Substitution in algebra involves replacing variables in an expression with their given numerical values. This is a crucial skill that allows us to evaluate expressions with specific values. In our exercise, we started with the expression \[-(5-x)^{2} + 7(m-x) + x - 2m,\]and were given specific values, where \(x = 5\) and \(m = 5\). By substituting these values into the expression, we transformed it into a purely numerical one:

• Replace \(x\) with 5, which gives us \(5 - 5\).
• Similarly, replace \(m\) with 5, giving us \(7(5 - 5)\) and \(-2 \times 5\).

Now, our task was simply to evaluate the numerical expression by following arithmetic operations, transitioning from an algebraic form to a numerical one, making further simplification possible. Keep in mind that correct substitution sets the stage for accurately solving the whole expression.

Simplifying algebraic expressions involves reducing them to their simplest form.

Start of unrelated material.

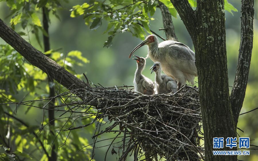 在陜西省漢中市洋縣四郎鎮(zhèn)田嶺村的一片密林里,朱鹮在巢里照看幼鳥(niǎo)(2018年6月2日攝)。記者22日從陜西省林業(yè)局了解到,據(jù)不完全統(tǒng)計(jì),曾幾近滅絕的朱鹮,其全球種群數(shù)量已超過(guò)5000只,其中中國(guó)境內(nèi)4400只,棲息地呈現(xiàn)出以秦嶺為中心向東亞歷史分布地?cái)U(kuò)展的趨勢(shì)。新華社記者陶明攝
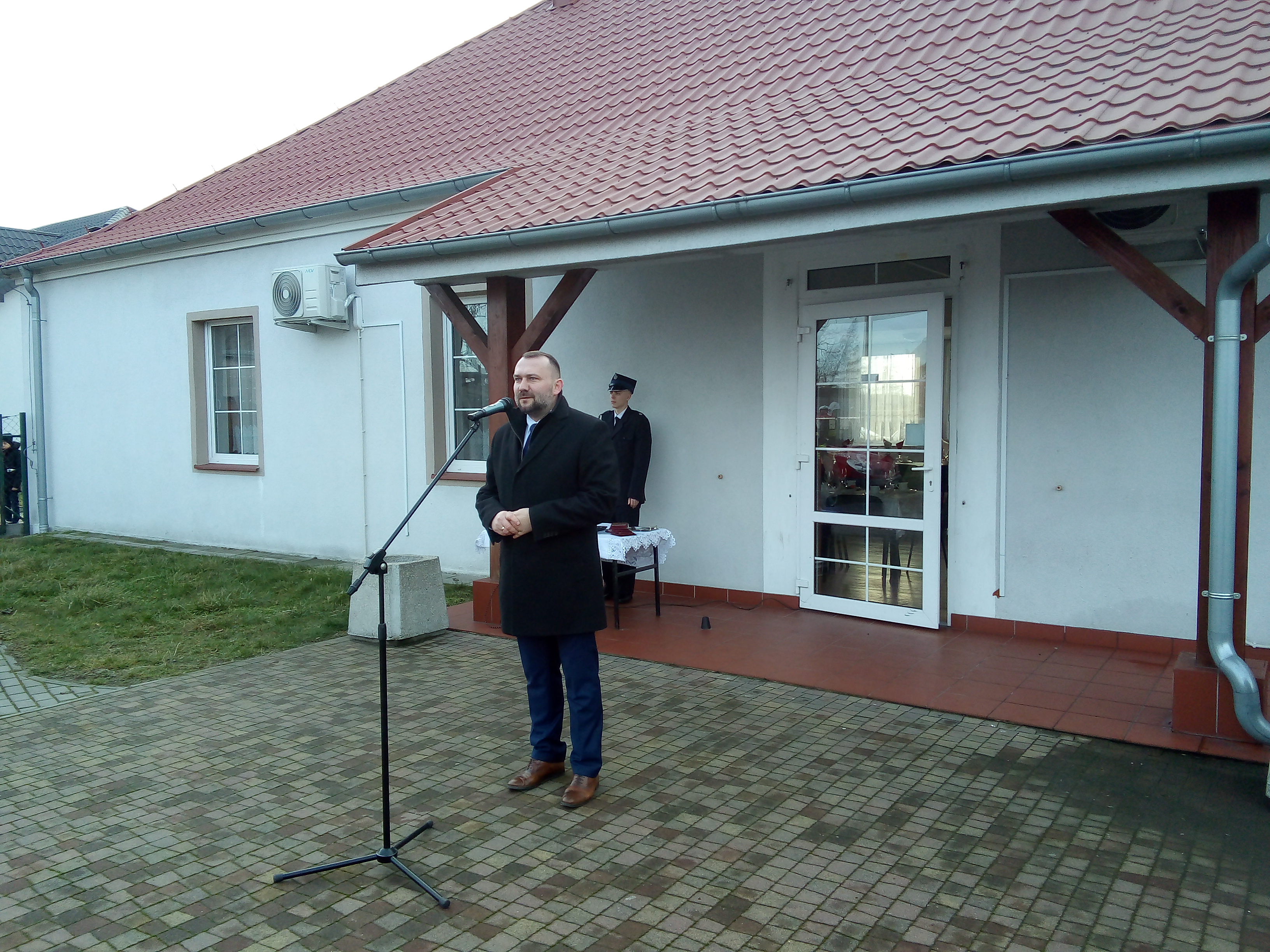 Po złożonych gratulacjach przez zaproszonych gości głos zabrał Komendant Powiatowy PSP w Jarocinie bryg. Tomasz Krawczyk, który również przyłączył się do wcześniejszych gratulacji i złożył podziękowania dla: Sekretarza Stanu w Kancelarii Prezesa Rady, Komendanta Głównego Państwowej Straży Pożarnej, Wielkopolskiego Komendanta Wojewódzkiego Państwowej Straży Pożarnej za wspieranie działalności jednostek OSP poprzez m.in. doposażanie w pojazdy i specjalistyczny sprzęt jednostek OSP.

This often includes combining like terms, eliminating parentheses through distribution, and applying fundamental arithmetic operations. After substitution in our example, we reached:\[ -(0) + 7(0) + 5 - 10. \]This step required recognizing parts of the expression that reduce to zero:

• Anything multiplied by zero becomes zero, like \(7 imes (5 - 5)\) resulting in 0.
• \(-(5 - 5)^2\) also becomes zero because \(0^2 = 0\).

Thus, we eliminate these terms, simplifying our expression to \[ 5 - 10. \]Remember, simplifying makes the final arithmetic operations easier and prevents errors in calculations.

At the heart of expression evaluation are arithmetic operations: addition, subtraction, multiplication, and division. Once we've substituted and simplified the expression, we're left with the rather straightforward task of arithmetic. In this case, the expression reduced to\[ 5 - 2 \times 5. \]Here, we follow the order of operations, often remembered by the acronym PEMDAS (Parentheses, Exponents, Multiplication and Division, Addition and Subtraction):

• First, calculate multiplication: \(2 \times 5 = 10\).
• Then perform subtraction: \(5 - 10 = -5\).

It's crucial to maintain the correct operations sequence to ensure accurate results. A mistake as simple as performing operations out of order can lead to a very different answer. Concluding with solid arithmetic techniques guarantees the accuracy of the entire problem-solving process.